SandwichNo5059 t1_j7mc3zs wrote

How do you balance time in dry lab machine learning predictions vs. experimental work in cells or animals to validate a compound?


ShakeNBakeGibson OP t1_j7mka71 wrote

We actually think about this a lot and we believe that these processes need to learn from each other. We build feedback and feed forward loops between dry lab and experimental work - essentially we think iteration is most important. We do up to 2.2 millions experiments in our wet lab each week to feed machine learning predictions and those predictions feed back into the wet lab experiment design.

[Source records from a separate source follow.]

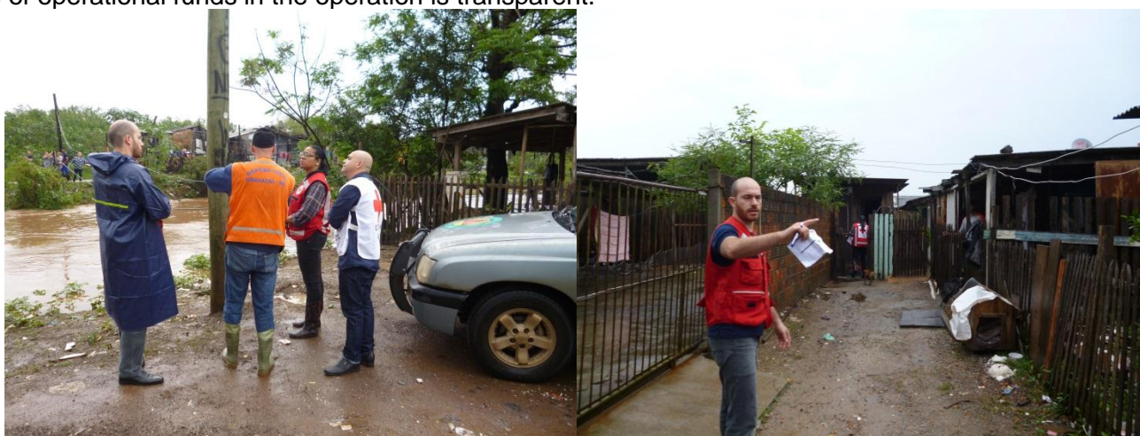
Coordination visit along with the Gravatai, community from the Vila Rica Civil Defence.

The National Society developed new procurement procedures manual that will serve as a tool to ensure the use of operational funds in the operation is transparent.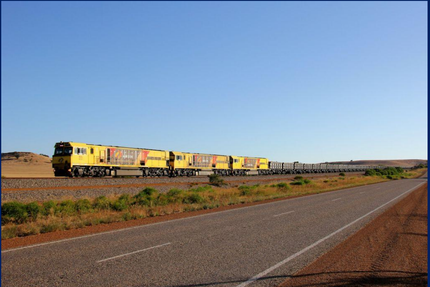
ACN4152, ACN4149 & ACN4151 on 5764 empty Karara ore to mine Moonyoonooka 2/2.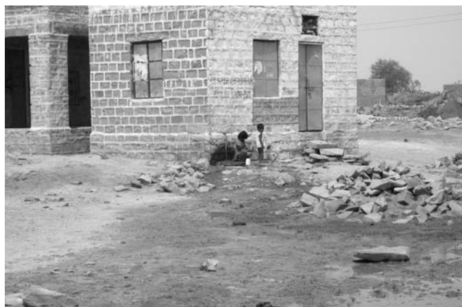
In crisis ridden Jaisalmer, poor water management and seepage (Photo July 2009)

Other villages reported that they were forced to spend a significant percentage of their meagre earnings from mining on water for their basic needs. In Bhat Basti village, there is no water supply so they have to pay for tankers. One tank of water contains 3,000 litres and costs Rs. 400. A woman interviewed in Bhat Basti explained how water was so scarce in their village, that she was unable to bathe her children.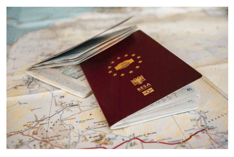
Figure 8. Artistic Acupuncture, Prishtina. Morten Traavik.

The Journal of Public Space, 5(4), 2020 | ISSN 2206-9658 | 217 City Space Architecture / UN-Habitat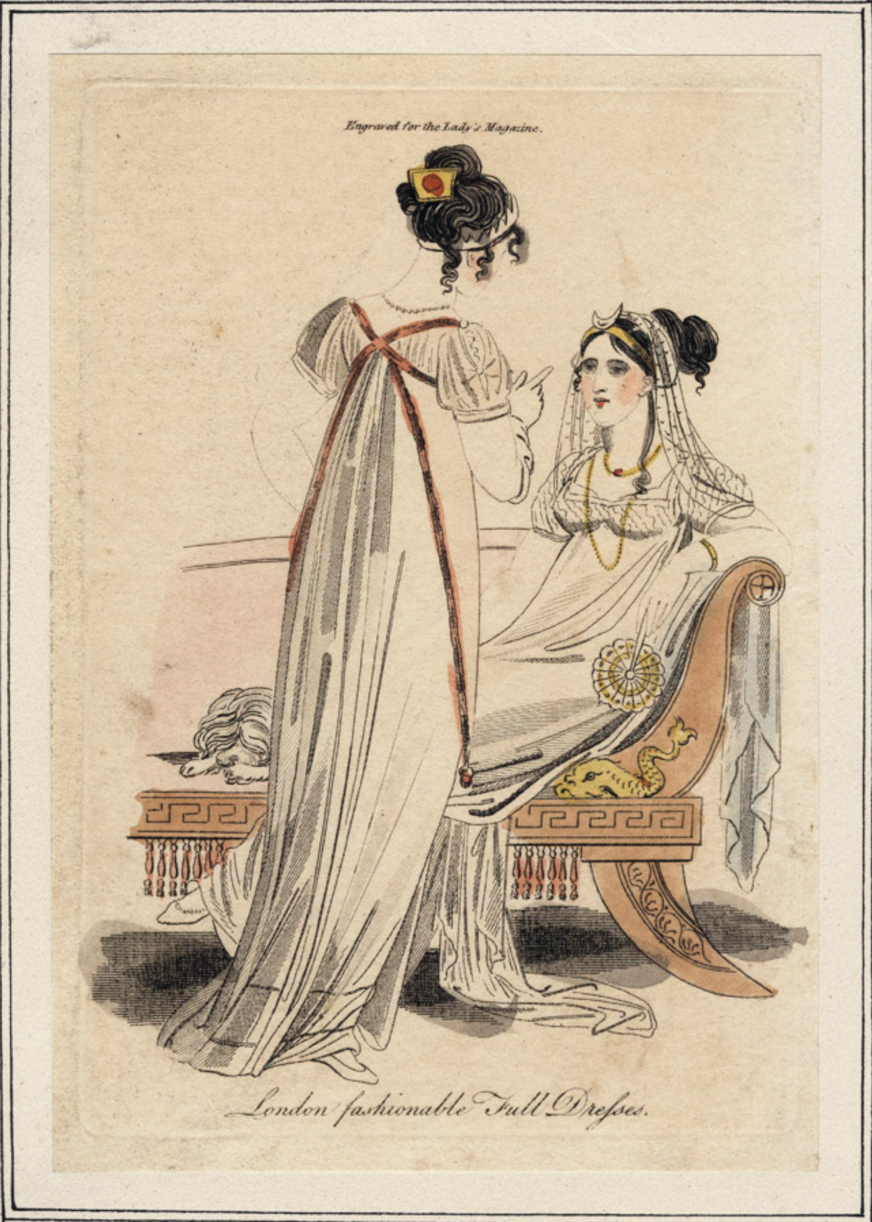
London fashionable Full Dresses.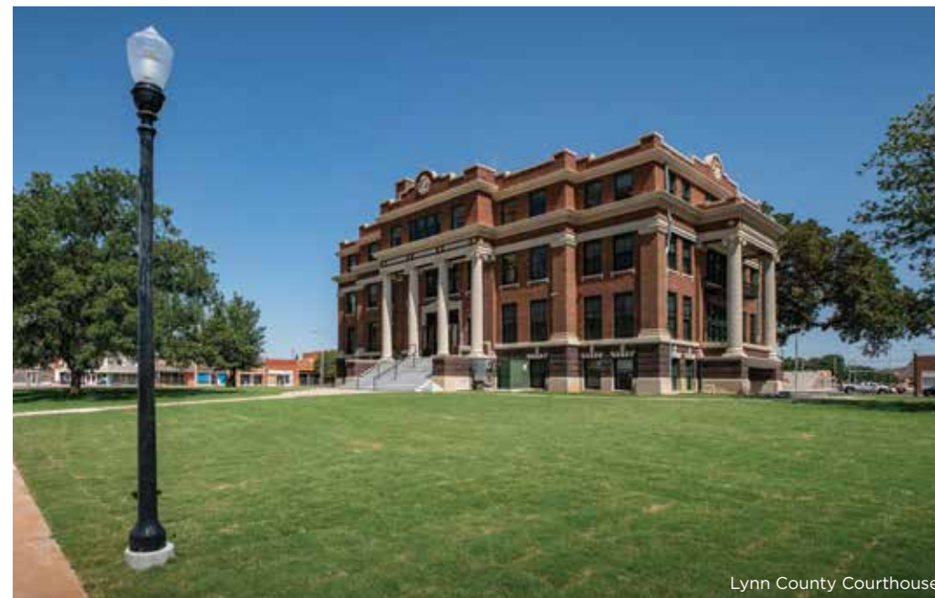
Lynn County Courthouse

Integrating systems into a building while retaining its historic appearance is always a puzzle, as in the case of the Lynn County Courthouse. According to Braddock, the arrangement of all required services behind walls and above ceilings was the most difficult aspect of the project.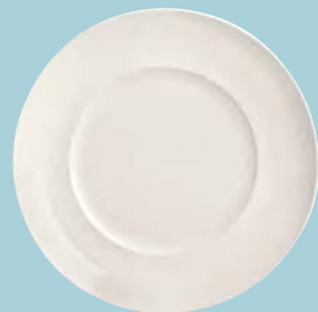
8" Coupe Plate No. BW-5208 H1 1/8 3 doz./32# • 1.0 cu. ft.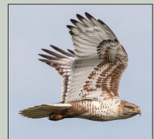
Adult Ferruginous Hawk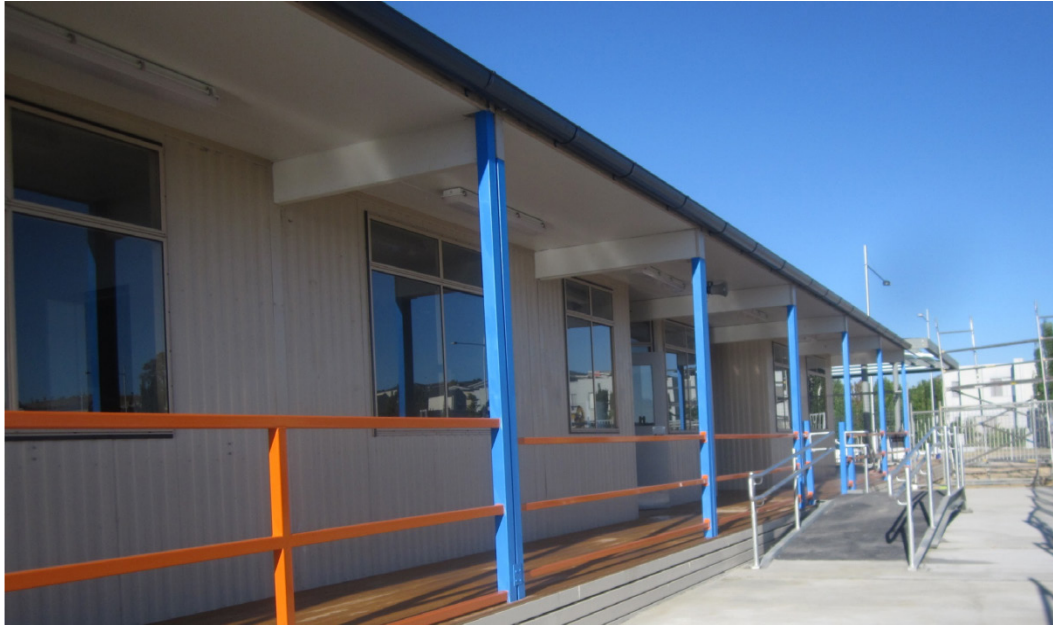
Neville Bonner School - Works to convert kindergarten rooms into preschool rooms and upgrade transportable classrooms from Gold Creek School to provide increased capacity.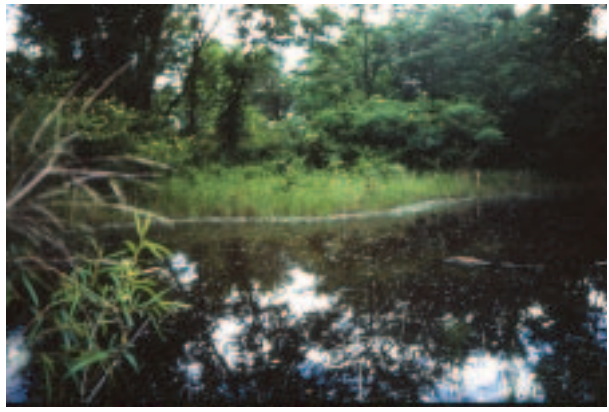
Plate 7. View of site M1 in Crawford County, Kansas. A shallow pool chiefly fed by a small ephemeral stream that originates in and runs through land that was previously mined for coal.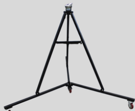
Step 1: Unfold the tripod.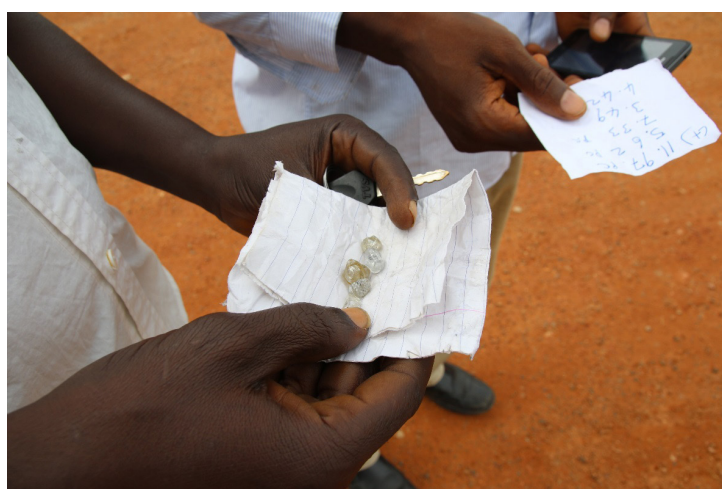
Diamonds for sale? Kono District, July 2016

But whilst the ‘blood diamonds’ era may have come to end in Sierra Leone, many challenges remain. One of the most significant has been ensuring that all diamonds mined in Sierra Leone are accounted for in Sierra Leone. There is reason to believe that, in spite of the plethora of paperwork, checks, and confirmations that have come with a commitment to the Kimberley Process, Sierra Leone still provides fertile grounds for rampant diamond smuggling. There are several factors that contribute to this illicit economy, the most obvious being the country’s borders between Guinea and Liberia, which remain porous and in many places, unmanned. Given the widespread cross-border sponsorship and more appealing export taxes (in Guinea and Liberia, it is 3%, whilst in Sierra Leone, it is 5%), it is not a question of if smuggling is taking place but rather a question of where it is taking place.

We do all of this in service of decoding biology and delivering therapeutics to patients.


EDIT: Removed a typo.


BioRevolution t1_j7md1lk wrote

What are your ambitions/acticities around 3 dimensional cell assays/Co-cultivation/Organ on a chip technologies to further advance your phenomics studies and bring them closer to animal models and finally to humans?


ShakeNBakeGibson OP t1_j7mze4o wrote

We’ve done a lot of work on co-culture at Recursion and we agree that 3D assays have a lot of utility; as a company focused on innovation these are areas that are highly interesting to us. Unfortunately we aren’t able to discuss all the methods and areas of research but feel free to take a look at our [presentation from Download Day] for some flavor on where we are innovating (


Neat_Caterpillar_759 t1_j7mdz7c wrote

Why do you suppose it has been so difficult for Recursion to keep a CSO (been without since 8/2021) and a CMO (been without since 6/2022)? How do you feel like the lack of such experienced leadership has affected your ability rapidly translate your insights into medicines?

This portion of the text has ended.